» Stored data:
>>>
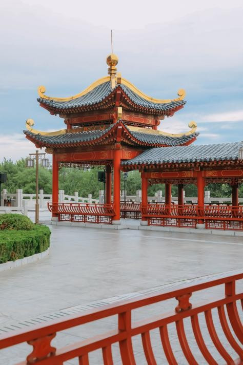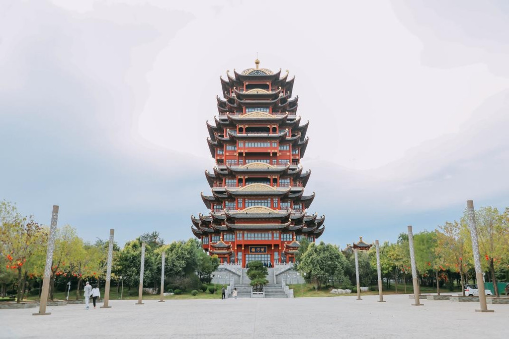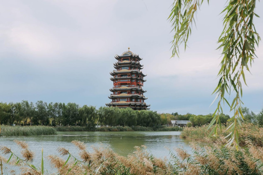 吃饱喝足后,就继续今天的旅程。黄河楼位于滨州蒲湖公园内,集观光旅游、黄河文化展示、书画工艺品展销于一体,是滨州乃至黄河三角洲地区的地标性建筑。黄河楼主体建筑地上12层,地下1层,楼内设计9个明层,9重古建筑带斗拱起翘的屋檐,寓意黄河99道弯,流经9个省市自治区,在山东流过9个市。设计者把古建筑的卷棚元素穿插在每层的挑檐中,既消除了层层挑檐的单调,同时巧妙利用了卷棚的弧线特点,在上挑的檐角处,用浪花取代了古建筑的吻兽,从而产生“黄河之水天上来”的效果。登上黄河楼,可南观黄河,北瞰城区,亦能欣赏地上悬河穿城而过的靓丽景色。
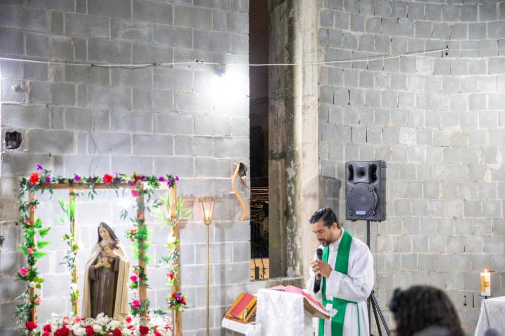 A Comunidade Santa Teresinha é a mais antiga da Paróquia Santo Antônio, que tem outras seis comunidades e atualmente, o novo lugar onde acontecem as celebrações está em construção. Toda a parte estrutural, paredes e cobertura já estão prontas. A coordenadora da comunidade, Fátima Rosa, está animada e falou sobre as arredações feitas em prol da edificação da comunidade: “Sempre estamos pensando em alguma coisa para que a arrecadação não cesse, estamos pedindo que os membros e outros que queiram ajudar para que ‘apadrinhem’ Santa Terezinha oferecendo algo que seja de utilidade para a pessoa ou família. Também estamos vendendo fogazzas depois das celebrações e claro, a comunidade unida está tocando a obra”.
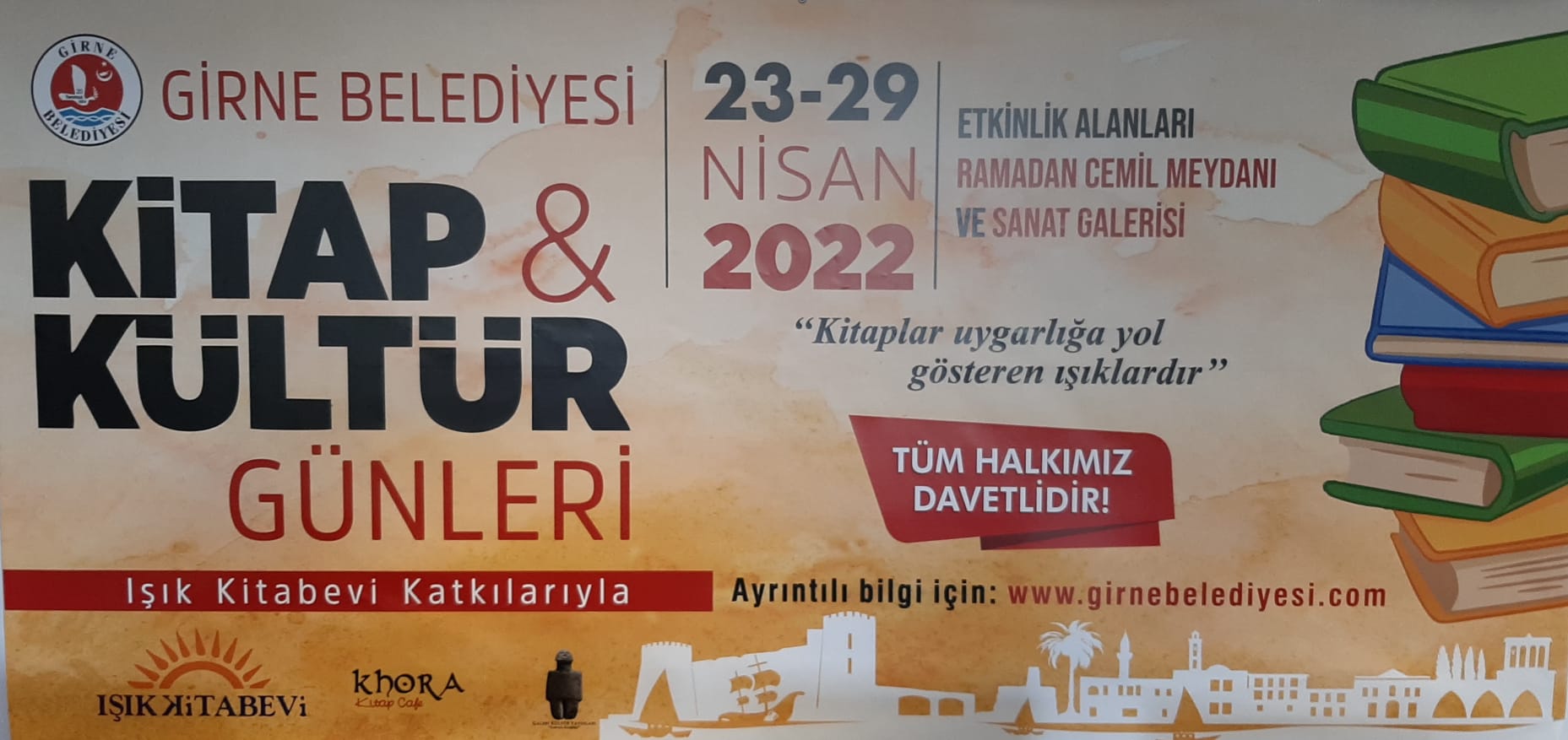 Girne Belediyesi ile Işık Kitabevi işbirliğinde, 23-29 Nisan tarihleri arasında, Girne Ramadan Cemil Meydanı ve Girne Belediyesi Sanat Galerisinde ‘Kitap ve Kültür Sanat Günleri’ etkinliği düzenleniyor.
<<<
» Aim of the task: Give all of the material again, exactly, apart from the pictures.

» Exercise response:
 吃饱喝足后,就继续今天的旅程。黄河楼位于滨州蒲湖公园内,集观光旅游、黄河文化展示、书画工艺品展销于一体,是滨州乃至黄河三角洲地区的地标性建筑。黄河楼主体建筑地上12层,地下1层,楼内设计9个明层,9重古建筑带斗拱起翘的屋檐,寓意黄河99道弯,流经9个省市自治区,在山东流过9个市。设计者把古建筑的卷棚元素穿插在每层的挑檐中,既消除了层层挑檐的单调,同时巧妙利用了卷棚的弧线特点,在上挑的檐角处,用浪花取代了古建筑的吻兽,从而产生“黄河之水天上来”的效果。登上黄河楼,可南观黄河,北瞰城区,亦能欣赏地上悬河穿城而过的靓丽景色。
 A Comunidade Santa Teresinha é a mais antiga da Paróquia Santo Antônio, que tem outras seis comunidades e atualmente, o novo lugar onde acontecem as celebrações está em construção. Toda a parte estrutural, paredes e cobertura já estão prontas. A coordenadora da comunidade, Fátima Rosa, está animada e falou sobre as arredações feitas em prol da edificação da comunidade: “Sempre estamos pensando em alguma coisa para que a arrecadação não cesse, estamos pedindo que os membros e outros que queiram ajudar para que ‘apadrinhem’ Santa Terezinha oferecendo algo que seja de utilidade para a pessoa ou família. Também estamos vendendo fogazzas depois das celebrações e claro, a comunidade unida está tocando a obra”.
 Girne Belediyesi ile Işık Kitabevi işbirliğinde, 23-29 Nisan tarihleri arasında, Girne Ramadan Cemil Meydanı ve Girne Belediyesi Sanat Galerisinde ‘Kitap ve Kültür Sanat Günleri’ etkinliği düzenleniyor.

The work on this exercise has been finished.